Problem to work on »
Whatever lies between the line with "Tiết 1: Chào" and the end of the data, both included, must be copied exactly and without pictures.

Data provided »
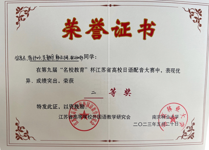 本次大赛由江苏省高校外语教学研究会主办、南京林业大学yl8cc永利官网承办、名校教育集团东京yl8cc永利官网共同协办,比赛吸引了南京师范大学、江南大学、扬州大学等省内23所高校团队参赛。初赛配音环节中,日语系21级、22级学生徐厚杰、蒋抒吟、吴静宇、韩亦桐、林珈彤五名同学生动演绎了日本动漫作品片段,赢得评委一致认可,并进入决赛演讲环节。进入决赛的13支队伍采用随机抽取日本谚语并进行即兴演讲,由一名选手代表参赛。经过两轮比赛的激烈角逐,最终荣获二等奖。
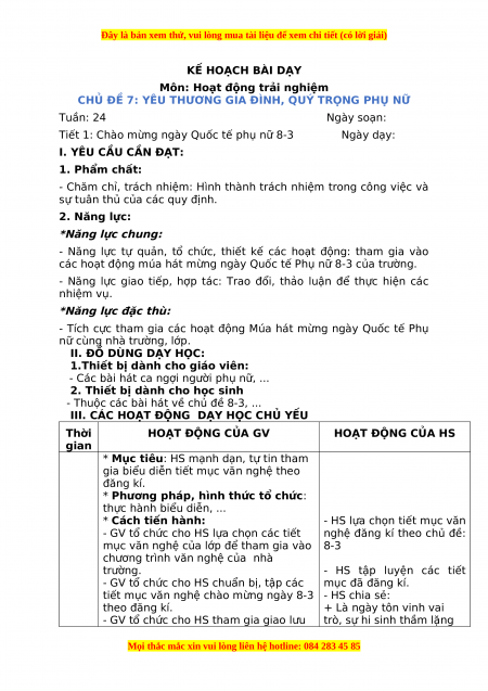 Tiết 1: Chào mừng ngày Quốc tế phụ nữ 8-3 Ngày dạy: I. YÊU CẦU CẦN ĐẠT: 1. Phẩm chất:
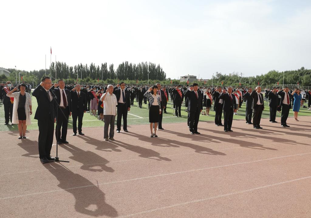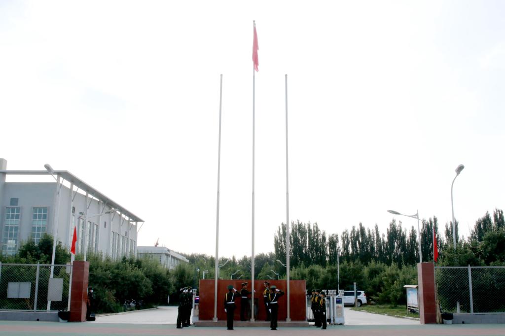 7月1日,学校在西区运动场隆重举行庆祝中国共产党成立99周年大会。上午10点,英姿飒爽的国旗护卫队成员迈着整齐的步伐,护送着鲜艳的五星红旗走向升旗台,展旗手将五星红旗抛向天空,全体观礼人员向国旗行注目礼,在振奋人心的国歌声中,五星红旗冉冉升起,迎风飘扬。
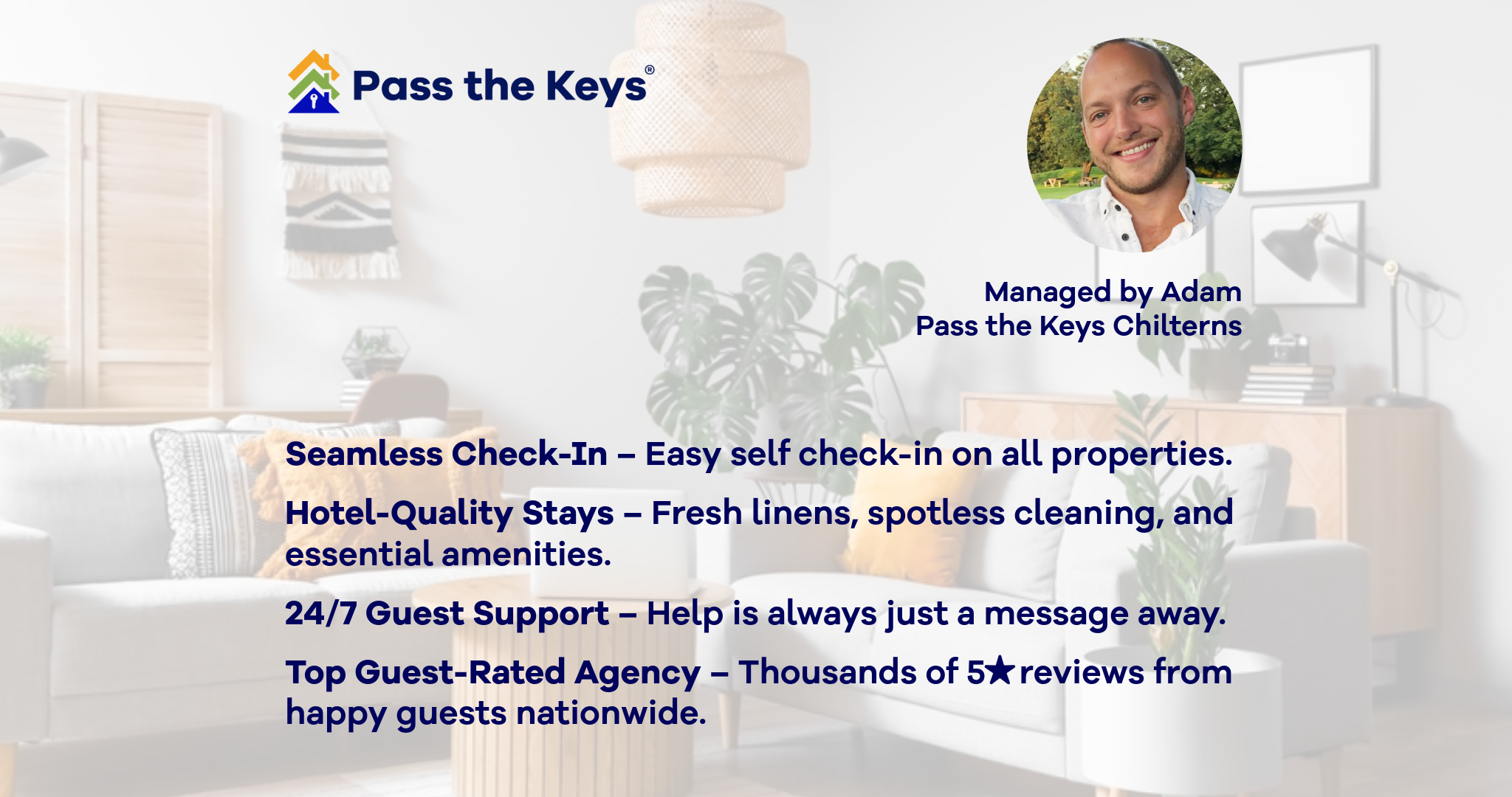 Hello, I am Adam from the Chilterns territory. I live near Amersham and have spent most of my life in the Chilterns area. I became a Pass the Keys partner in 2023 with over 20 years of hospitality experience. I recently completed a profitable sale of two successful multi-award winning country dining pubs of which one was a pub and restaurant and the other a country pub & inn with 7 boutique letting rooms. My love and passion for all things hospitality, guest experiences and local operating knowledge combined provide me with a big advantage in the short-let and holiday-let management market within the Chilterns. Having worked in hospitality my entire life within the Chilterns I have extensive knowledge of the area including irreplicable experience of how guests like to be treated. Being one who takes pride in his work and has an eye for detail rest assured your property will be in experienced and safe hands.

Solution »
 Tiết 1: Chào mừng ngày Quốc tế phụ nữ 8-3 Ngày dạy: I. YÊU CẦU CẦN ĐẠT: 1. Phẩm chất:
 7月1日,学校在西区运动场隆重举行庆祝中国共产党成立99周年大会。上午10点,英姿飒爽的国旗护卫队成员迈着整齐的步伐,护送着鲜艳的五星红旗走向升旗台,展旗手将五星红旗抛向天空,全体观礼人员向国旗行注目礼,在振奋人心的国歌声中,五星红旗冉冉升起,迎风飘扬。
 Hello, I am Adam from the Chilterns territory. I live near Amersham and have spent most of my life in the Chilterns area. I became a Pass the Keys partner in 2023 with over 20 years of hospitality experience. I recently completed a profitable sale of two successful multi-award winning country dining pubs of which one was a pub and restaurant and the other a country pub & inn with 7 boutique letting rooms. My love and passion for all things hospitality, guest experiences and local operating knowledge combined provide me with a big advantage in the short-let and holiday-let management market within the Chilterns. Having worked in hospitality my entire life within the Chilterns I have extensive knowledge of the area including irreplicable experience of how guests like to be treated. Being one who takes pride in his work and has an eye for detail rest assured your property will be in experienced and safe hands.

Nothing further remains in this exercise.